McCallum, Bellare and Pereira (2005) A Conditional Random Field for Discriminatively-trained Finite-state String Edit Distance

April 27, 2010

Following up on my previous post on alignment with CRFs, I’ve found a related paper that I’d like to review here. I’ve spent the last 20 years following Fernando around the intellectual landscape, from logic programming and grammatical formalisms to statistics and biology. (So it’s perhaps not surprising that we’re both speaking next week at the Edinburgh HCRC and Cog Sci Reunion.)

I have to admit I’d read this paper in the dim and distant past (OK, it’s from 2005), so something might’ve stuck in my head. But once you grok CRFs, building new models is easy, because as I said last time, CRFs are really good at normalizing sequential labeling or classification problems.


McCallum et al. applied their model to matching restaurant names and addresses and also to matching bibliographic citations. In contrast, I was interested in matching short reads against reference genomes (for DNA sequencing) or gene models (for mRNA sequencing).

What’s Being Modeled?

McCallum et al.’s goal was to model the probability that two strings match. This reduces the problem to a binary classification problem.

In contrast, what I was modeling in the last post is the probability of a query/read sequence being generated from a reference sequence. The reads are more like the tags generated in a tagging CRF. The alignment is a local alignment of the read to the reference.

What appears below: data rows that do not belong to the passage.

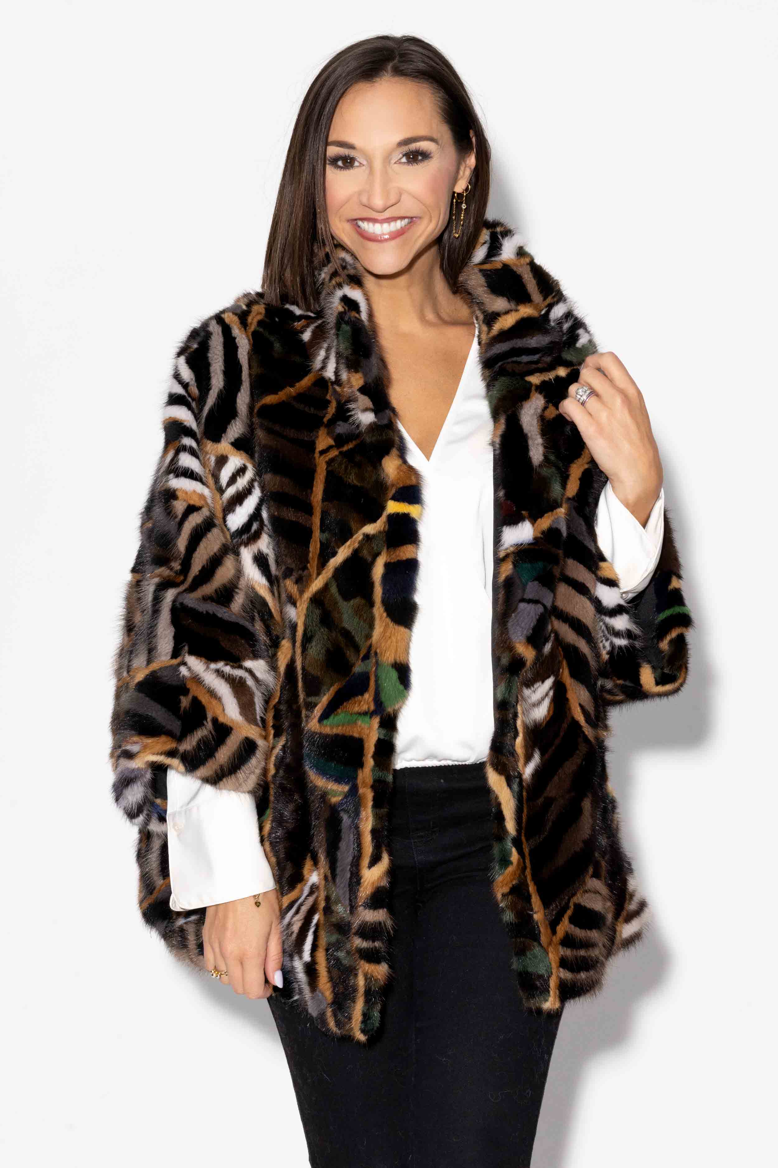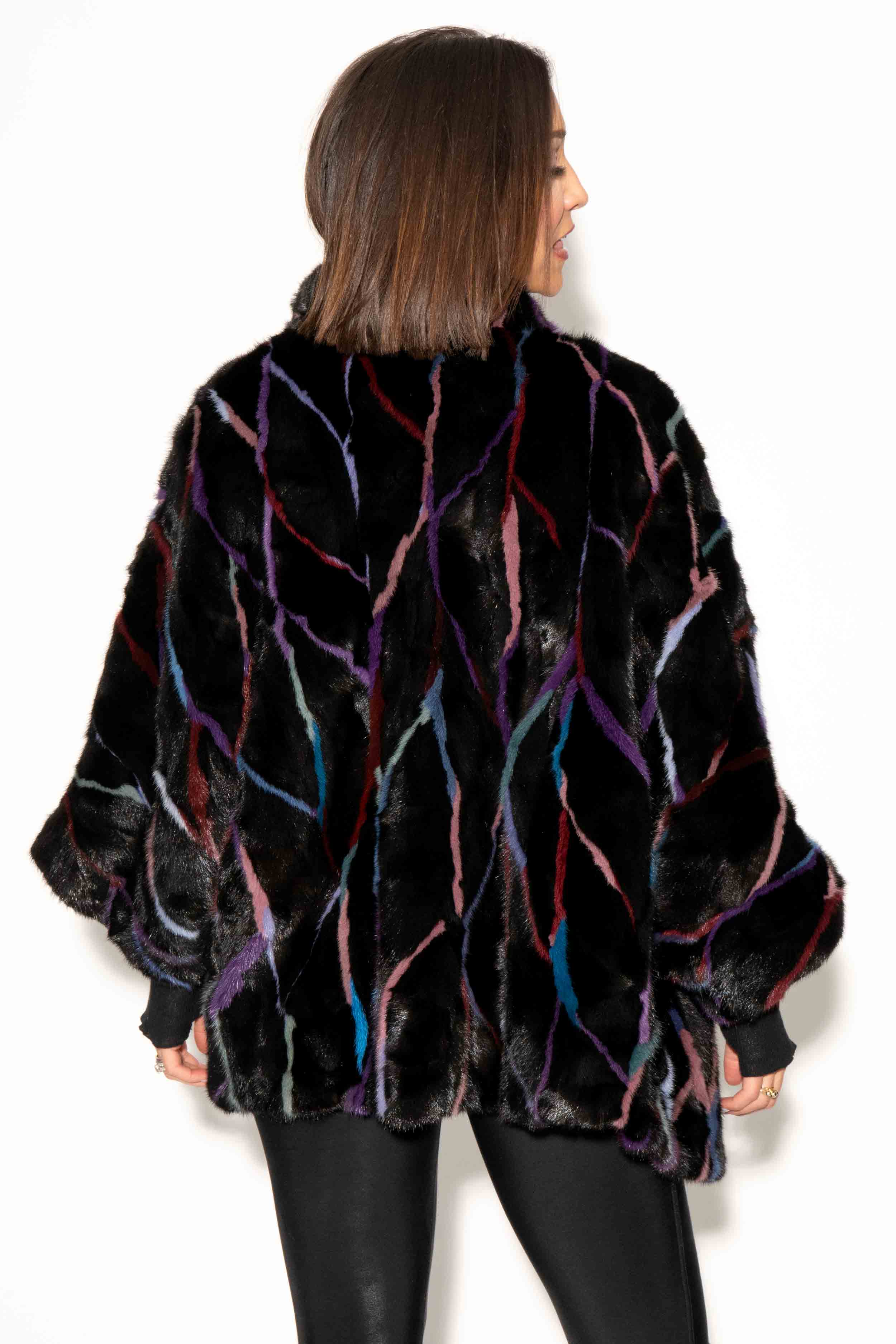 This stunning sectioned mink fur cape showcases a stand-up collar that transforms into a wing collar when opened. It features hook & eye snap closures. This cape includes stylish cropped sleeves, is fully lined for comfort, and offers convenient side pockets. One size fits most.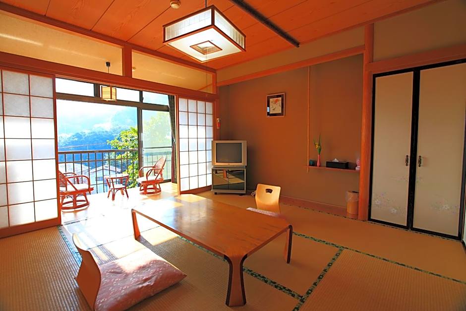 Featuring free toiletries, this quadruple room includes a shared bathroom with a hairdryer and slippers. The quadruple room has tatami floors, a seating area with a flat-screen TV, air conditioning, a safe deposit box as well as mountain views. The unit has 4 futons.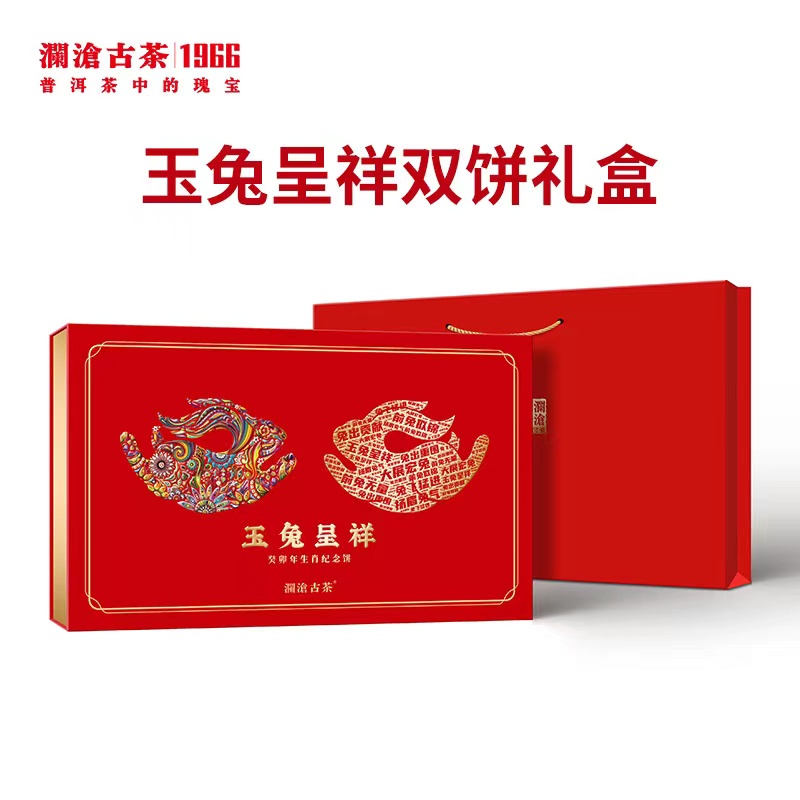【经典普洱生熟组合生肖饼】澜沧古茶 2023年玉兔呈祥 普洱熟茶+生茶组合 礼盒装(京东同款)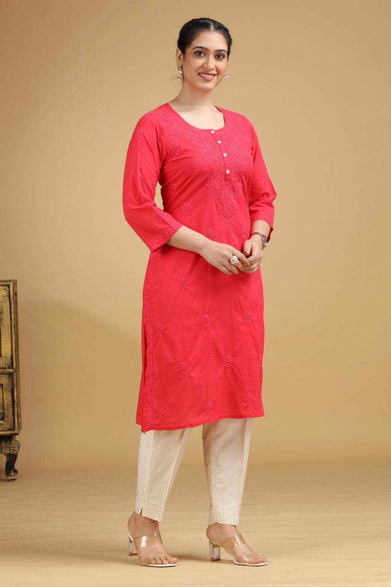 Soft pink cotton straight kurta adorned with delicate Lucknowi style chikankari embroidery. Designed with a neat round neckline and easy 3/4 sleeves this breathable and lightweight kurti offers understated elegance perfect for daily wear office dressing and subtle festive styling.
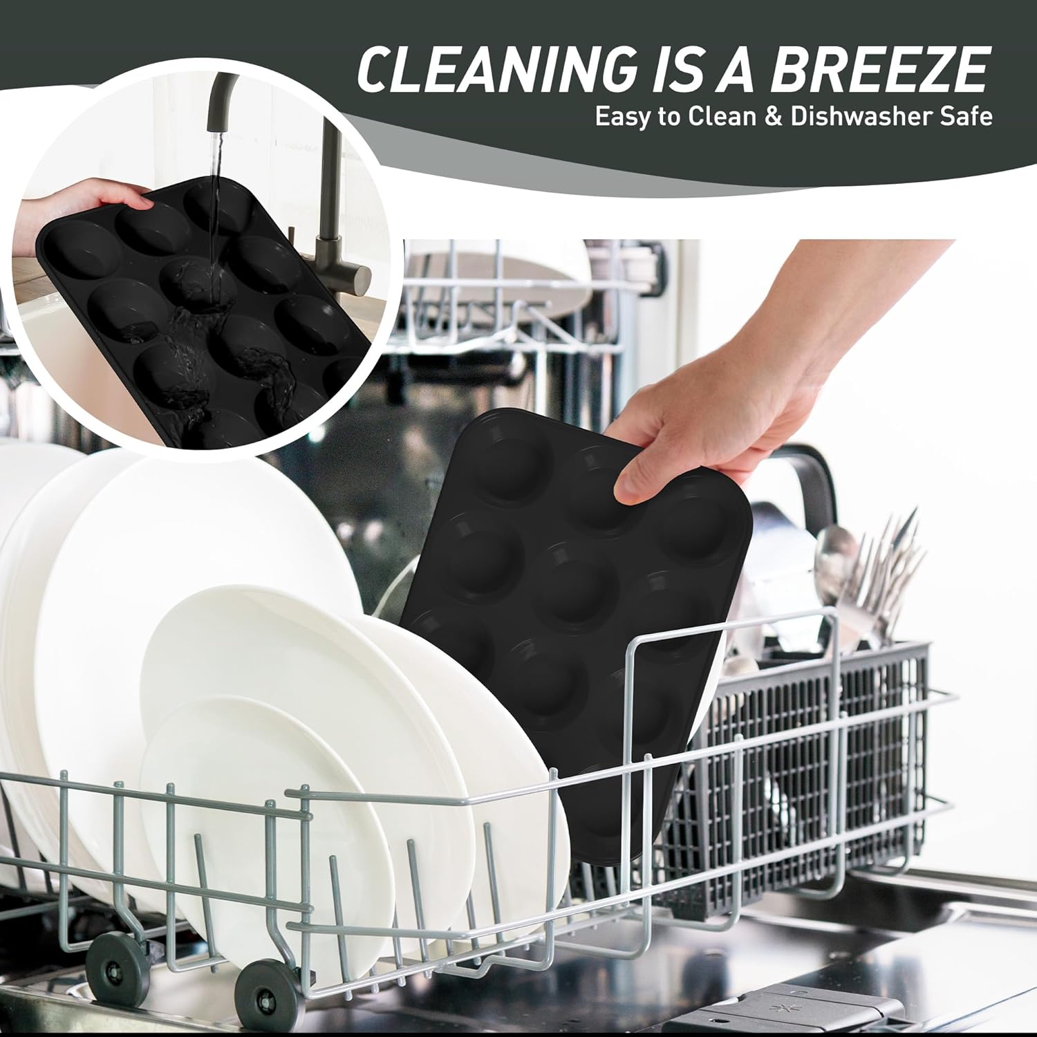 - Food Grade Silicone Muffin Tray: Safe for the oven, microwave, dishwasher, fridge, and freezer. With an impressive heat resistance range from -104°F to 446°F, it’s perfect for all your favorite baked goods. thick walls prevent heat transfer to countertops – safer than other thin plastic baking cupcake muffin pans. Food grade silicone of our baking cupcake muffin pans, maintaining 99% "like-new" appearance after heavy use.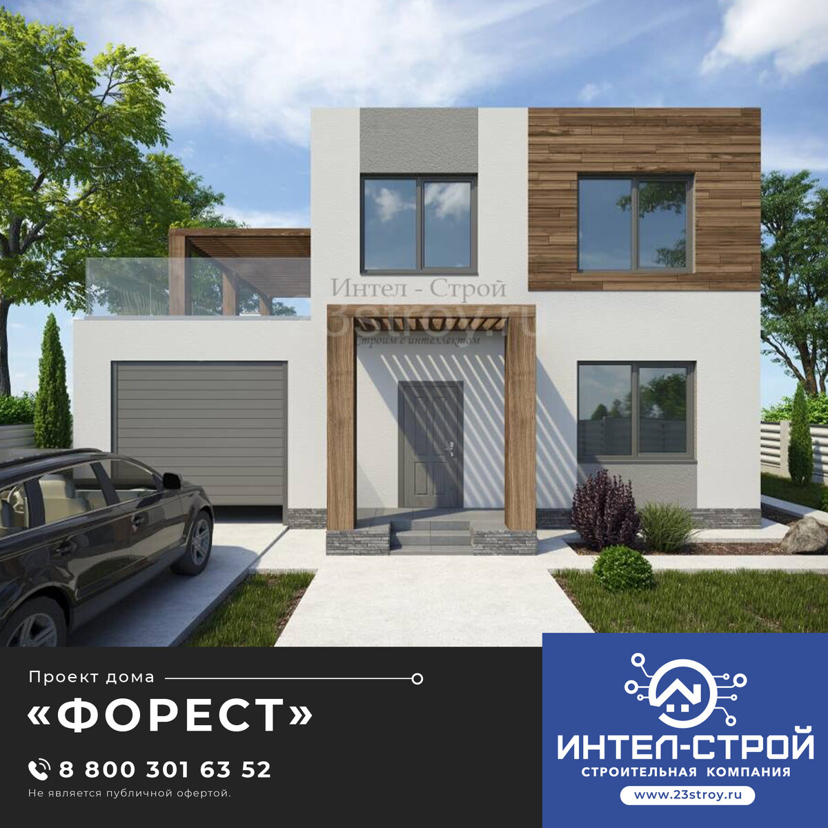 В соответствии со стилистикой этого архитектурного направления, отделка фасада выполнена современными материалами: штукатуркой бежевого и серого тонов и декоративными элементами, стилизованными под дерево. Цоколь дома по проекту может быть облицован искусственным камнем. Коротко о проекте дома: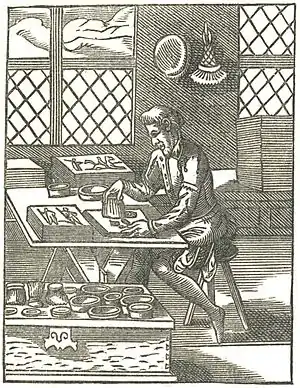 The illustration of the engraver on wood which appears in the same Book of Trades puts before us a man in a richer dress, plainly a workman of higher grade than the stencil painter. He seems to be tracing outlines on the block. The technical accessories about this engraver are the same as those in use at this day—the graver, the whetstone, and, possibly, a water globe lens in the corner near the window casement.[7]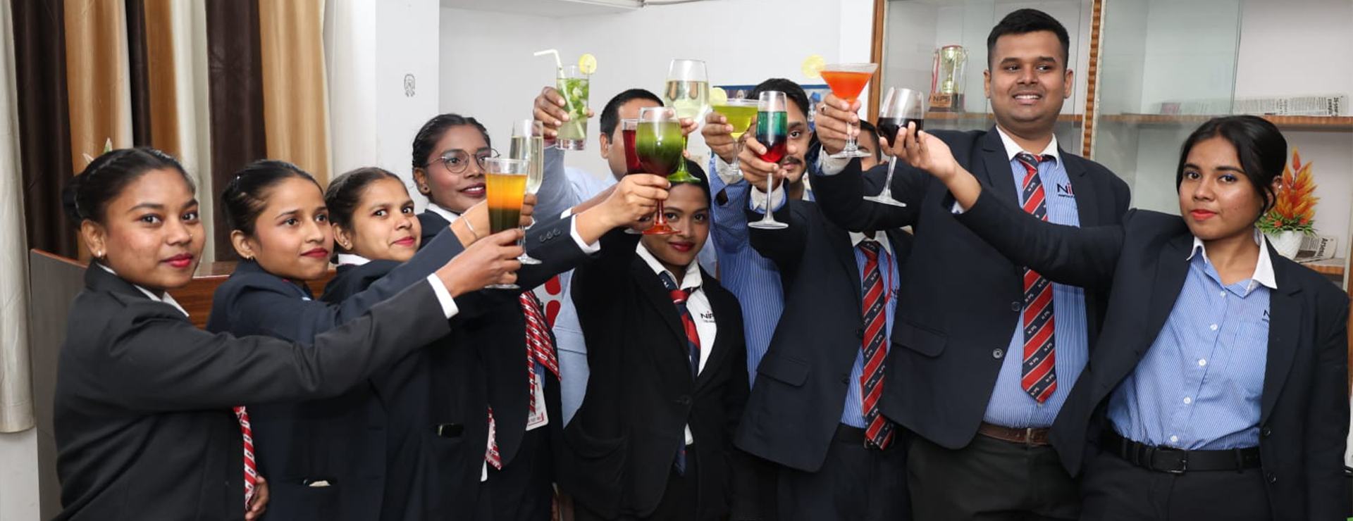 Professional hospitality training thrives on experiential learning, and this moment reflects the enthusiasm and teamwork that define the student community at NIPS Institute of Hotel Management Ranchi. As students raise their glasses during a practical beverage service session, they demonstrate not only their understanding of presentation techniques but also their ability to collaborate and support one another in a real-world service environment. Skills such as correct glassware selection, garnishing, balance of colours, and serving etiquette are deeply embedded in these sessions, helping learners develop a strong foundation for careers in bars, restaurants, lounges, and luxury hotels.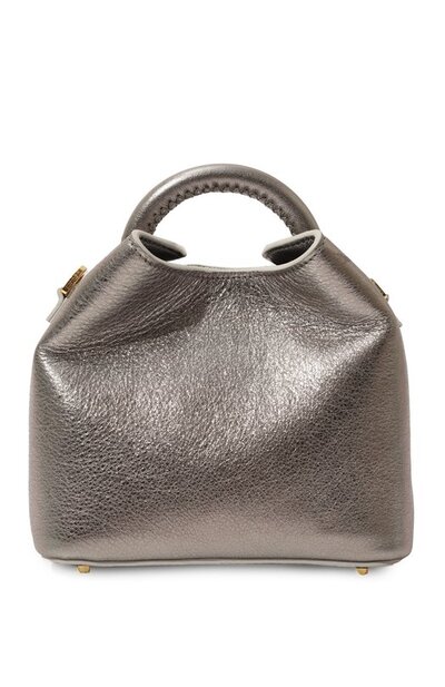 Небольшая серебристая сумка Madeleine с короткой круглой ручкой выполнена из мягкой металлизированной кожи с перламутровым блеском. Внутри — одно отделение, застегивающееся магнитной кнопкой, в которое поместятся кошелек, смартфон. Лаконичный аксессуар без декора дополнен съемным плечевым ремнем.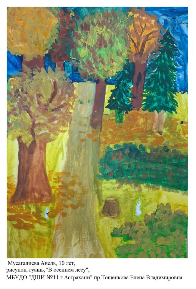 | 120 | Мусагалиева Анель | В обработке | "В осеннем лесу" | Рисунок | Тощенкова Елена Владимировна | Принята | Фото работы |

We both approached the problem by first defining a notion of an alignment sequence and its relation to the strings. They modeled the probability of a global alignment given both strings, whereas I modeled the probability of a read locally aligned to a reference sequence.

The difference is in normalization terms, both of which are easy to calculate via dynamic programming.

As they point out in their discussion, what they did is to pair HMMs (i.e. as used by [Ristad and Yianilos 1998]), as CRFs are to regular HMMs. I turned a similar crank to estimate a related probability.

Other Innovations

What I really like about McCallum et al.’s approach is that it allows chunked matching operations. Although they don’t consider affine gap models (where longer gaps aren’t that much more unlikely than shorter gaps), they do consider token-sensitive operations like deleting a token that appears in both strings or in a dictionary, and consider deleting to the end of the current token (useful for matching acronyms). The possibilities are endless.

With their CRF FST implementation in Mallet, I’m guessing it was as easy to code as the paper makes it seem. The FST coding is straightforward, with the only problem being the usual one of explosion of dependencies. Neatly (for both McCallum et al. and me), the sum-product (forward/back) and max-product (Viterbi) dynamic programming algorithms fall out of the encoding.

They don’t allow non-local transpositions (as in, say a soft TF/IDF-like approach to matching), so everything remains reasonably tractable.

They note that the estimation problem is not concave, because they use latent variables (alignments and states aren’t directly observed here). I’m pretty sure I’ll have the same problem.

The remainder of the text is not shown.